ORGANISM line of which file format?
The reason I ask is that I still feel we need to do parsing of the names 
for species rank and lower:

# The 'scientific name' for humans could be considered to be 'Homo sapiens'.
# Taxid 9606 in the NCBI taxonomy database has rank 'species' and 
ScientificName 'Homo sapiens'.
# For sanity, Bio::*Taxonomy* likes to interpret this ScientificName as 
'sapiens' so that the genus is not held redundantly.

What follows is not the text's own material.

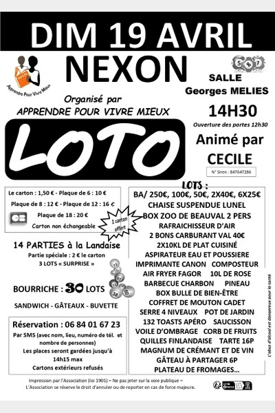 L'association Apprendre Pour Vivre Mieux vous invite à venir le 19 avril 2026 à la salle Georges Mélies à Nexon où aura lieu son loto avec de nombreux lots et bons d'achats.

It provides a 
binomial() method to give you 'Homo sapiens' again if you want it.
# I plan on maintaining this; scientific_name() would give you the 
non-redundant sibling-unique name 'sapiens'. binomial() on a species 
rank and lower would give you 'Homo sapiens' (presumably grabbing the 
'Homo' from the parent node with rank 'genus', or similar).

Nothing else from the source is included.